Große Heilige wie Augustinus oder Bakhita bezeugen es ebenso wie Andrea, Cilla oder die Berichte beim Meeting. In den dramatischsten Situationen des Lebens kann nur Christus auf die Fragen des menschlichen Herzens antworten – wenn wir es zulassen.

Die Herrin langweilte sich an jenem Tag. So entschloss sie sich, die drei schwarzen Mädchen, die sie als Sklaven gekauft hatte, misshandeln zu lassen. Sie waren etwa zehn bis elf Jahre alt. Bakhita wurde auf die Erde geworfen und mit einem Rasiermesser ritzten sie ihr 114 Schnitte ins Fleisch. Dann streuten sie Salz in die Wunden. Einfach so, aus Spaß. Weil die muslimischen Herren das Mädchen als ihren Besitz ansahen. Bakhita war im Alter von sieben Jahren, 1876, aus ihrem sudanesischen Heimatdorf geraubt und viermal als Sklavin verkauft worden. Sie hatte nur Grausamkeit kennen gelernt.

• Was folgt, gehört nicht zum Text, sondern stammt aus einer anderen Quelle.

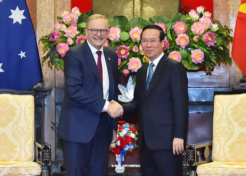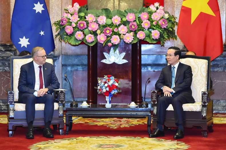 Chủ tịch nước Võ Văn Thưởng hoan nghênh Ngài Anthony Albanese lần đầu tiên sang thăm chính thức Việt Nam trên cương vị Thủ tướng; nhấn mạnh cùng với chuyến thăm Việt Nam tháng 4/2023 của Toàn quyền Australia David Hurley, chuyến thăm lần này của Thủ tướng Anthony Albanese đã góp phần tạo xung lực mới cho quan hệ Đối tác Chiến lược trong bối cảnh hai nước đang kỷ niệm 50 năm thiết lập quan hệ ngoại giao (1973-2023).
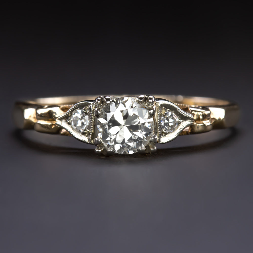 1/3ct H VS2 OLD EUROPEAN CUT DIAMOND VINTAGE ENGAGEMENT RING 14k TWO TONE GOLD
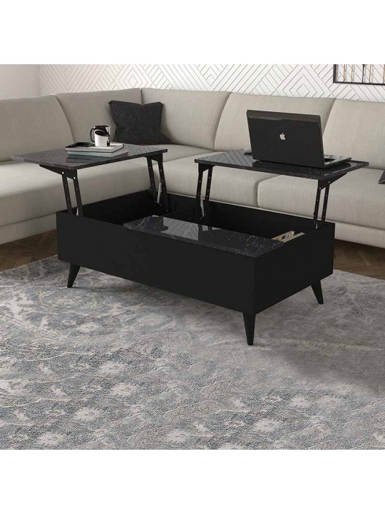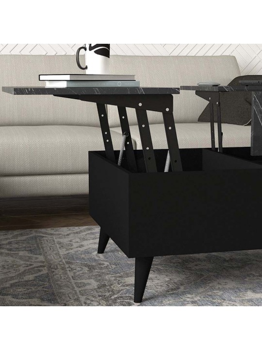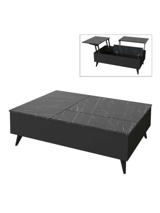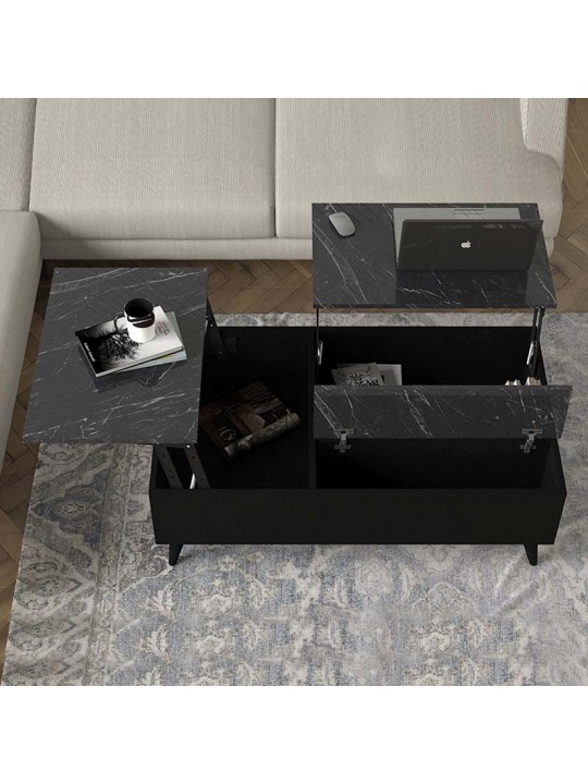 Τραπεζάκι σαλονιού Roy Megapap με σερβιτόρο από μελαμίνη χρώμα μαύρο - εφέ μαρμάρου 121x69x40εκ.
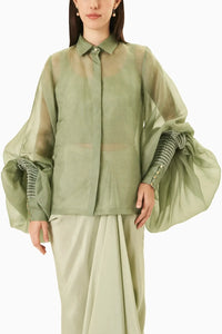 Elevate your wardrobe with Ritika Arya Jain’s Green Bag Sleeve Shirt. Made from luxurious organza, this shirt in a vibrant green hue features unique bag sleeves and offers a true-to-size fit, blending contemporary design with elegant sophistication for a standout look.
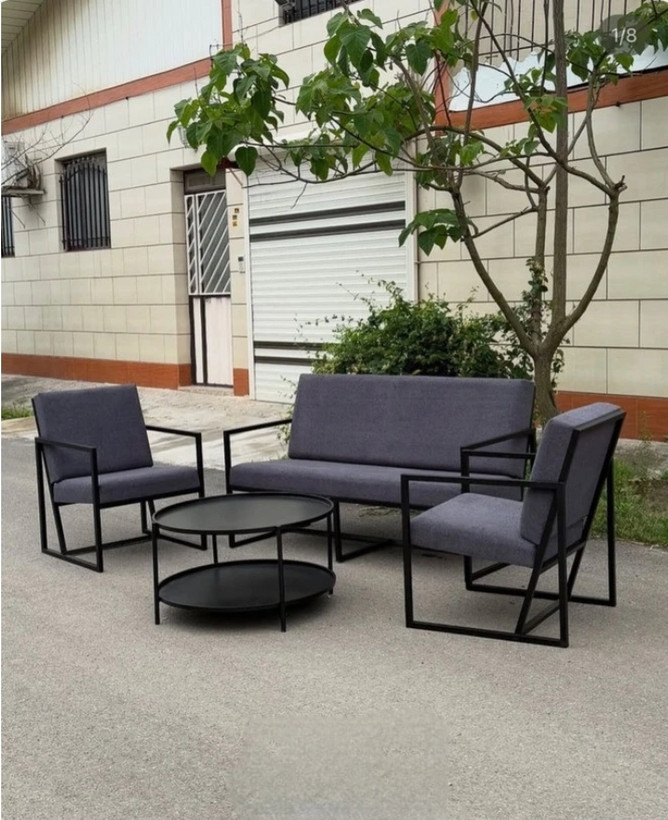 فوم اسفنجی ضخامت ۱۰ سانتی متر ۲ عدد مبل تکی ، ۱ عدد مبل دو نفره ، ۱ عدد جلو مبلی روکش از جنس پارچه مازراتی ترک اصل ،کاور زیپی قابل جداشدن و شستشو جنس جلو مبلی تمام فلز می باشد تنوع رنگ مربوط به پارچه ها می باشد(
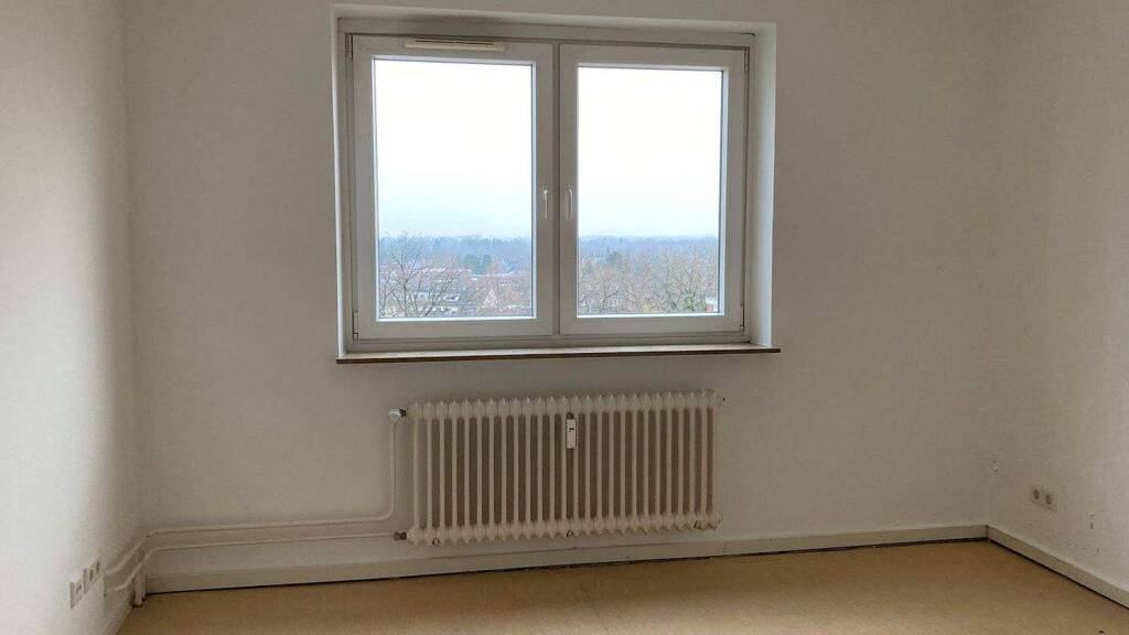 Die helle 2-Zimmer-Wohnung befindet sich im 8. Obergeschoss (Dachgeschoss) und bietet auf ca. 56 m² ein gut geschnittenes Raumkonzept. Beim Betreten der Wohnung gelangen Sie in einen kleinen Flur, der Platz für eine Garderobe sowie einen Schuhschrank bietet und zusätzliche Stauraummöglichkeiten eröffnet. Von hier aus öffnet sich das freundliche Wohnzimmer, das ausreichend Raum für eine gemütliche Sofaecke und einen Essbereich mit Tisch und Stühlen bietet. Vom Wohnzimmer aus haben Sie Zugang zum sonnigen Balkon mit Südausrichtung, von dem aus Sie die startenden und landenden Flugzeuge beobachten können. Ebenfalls vom Wohnzimmer aus betreten Sie die separate Küche, die mit einer Einbauküche ausgestattet ist. Diese verfügt über eine Arbeitsplatte in L-Form, eine Spüle und einen E-Herd; eine vorhandene Nische bietet Platz für einen Kühlschrank. Über einen kleinen Zwischenflur mit weiterer Stauraummöglichkeit gelangen Sie sowohl in das moderne Wannenbad als auch in das Schlafzimmer, das ausreichend Platz für ein Bett und einen Kleiderschrank bietet. Die gesamte Wohnung wurde frisch gestrichen und sämtliche Oberflächen neu lackiert, sodass sie sich in einem sehr gepflegten Zustand präsentiert. Ein separater Kellerraum gehört ebenfalls zur Wohnung und bietet zusätzlichen Stauraum. Die Wohnung wird in dem hier beschriebenen Zustand vermietet.
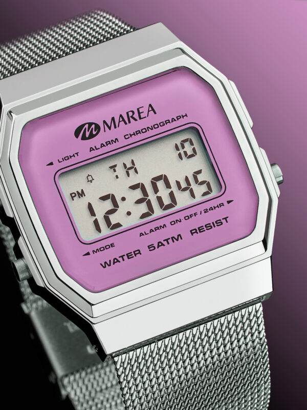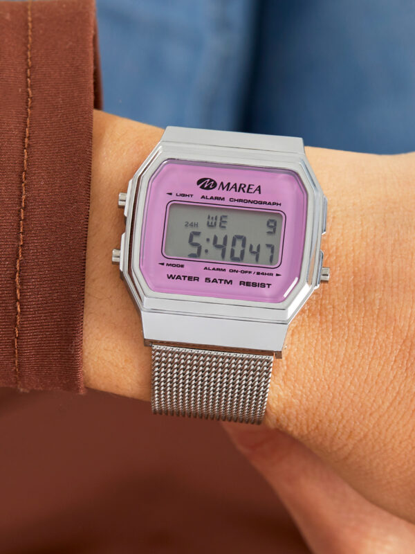 Reloj digital pantalla LCD color lila Diámetro Caja: 34×39 mm. Material Caja: Plástico Material Brazalete: Acero Resistente al agua: 5 ATM
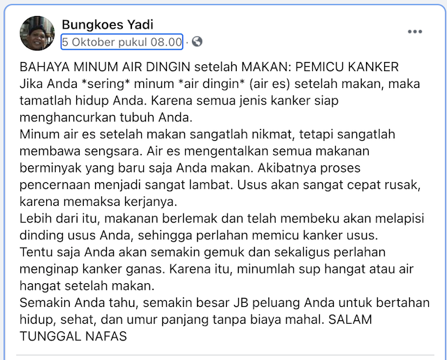 Klaim bahwa meminum air dingin setelah makan menyebabkan kanker adalah salah. Faktanya, klaim ini telah dibantah ahli.
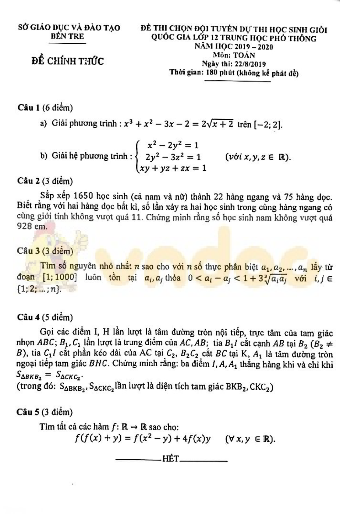 VnDoc.com xin gửi tới bạn đọc bài viết Đề thi học sinh giỏi Quốc gia môn Toán lớp 12 năm học 2019 - 2020 Sở GD&ĐT Bến Tre để bạn đọc cùng tham khảo và có thêm tài liệu ôn tập cho kì thi học sinh giỏi sắp tới nhé. Mời các bạn cùng tham khảo chi tiết bài viết dưới đây để hiểu rõ hơn nhé.

Dies ist die menschliche Geschichte – ohne Jesus. Joseph Ratzinger erklärt in seinem Buch Jesus von Nazareth, dass die Welt vor der Ankunft des Erlösers durch Dämonen verseucht war. Überall dominierten Grausamkeit und Unmenschlichkeit. Dann, eines Tages, erklangen diese Worte: »Ich habe das Elend meines Volkes gesehen (...) und ihre laute Klage gehört. Ich kenne ihr Leid.« (Exodus 3, 7). »Er hat sich gezeigt. Er in Person, vor 2000 Jahren. Und seitdem zeigt er sich jeden Tag aufs Neue im Phänomen einer andersartigen Menschlichkeit« ,wie Don Giussani sagt. Auch dieses arme Mädchen Bakhita »stößt darauf und gewinnt die Vorahnung eines neuen Lebens ... eines Lebens, wie es sich keiner erwartet, nicht einmal erträumt hätte.«
Auch Bakhita gelang es nicht, das zu erträumen. Mit 16 Jahren brachten sie ihre Besitzer zufällig nach Venedig in Italien. Dort lernte sie die Canossianischen Schwestern kennen. Die Menschlichkeit und Güte dieser wahrhaft christlichen Schwestern berührten sie tief. »Ein Mensch mit einem goldenen Herzen«, der mit dem späteren Papst Pius X. verwandt war, schenkte ihr ein Kreuz. »Als ich es annahm«, so erinnert sich das Mädchen, »küsste ich es mit Ehrerbietung. Dann erklärte er mir, dass Jesus Christus, der Sohn Gottes, für uns gestorben war.« Bakhita war wie geblendet. War er für sie gestorben? War es möglich, dass jemand sie liebte? Ja. Sie sah es auf den Gesichtern »dieser heiligen Mütter, die mich Gott kennen lernen ließen«; besonders bei jener Schwester, von der sie später sagte: »Ich kann mich nicht an ihre Sorge für mich erinnern, ohne zu weinen.« Als die Besitzer Bakhitas zurückkehrten, um sie wieder mitzunehmen, weigerte sich das Mädchen zum ersten Mal, ihnen zu folgen. Auf Intervention des damaligen Patriarchen von Venedig erklärte der Prokurator des König Bakhita am 29. November 1889 zur freien Bürgerin. Sie blieb daraufhin in Italien, ließ sich taufen und bat darum, Schwester zu werden. Sie lebte 78 Jahre lang, »in denen ich immer mehr die Güte Gottes mir gegenüber kennen gelernt habe.« Sie starb 1947, und wurde im Jahr 2000 heilig gesprochen.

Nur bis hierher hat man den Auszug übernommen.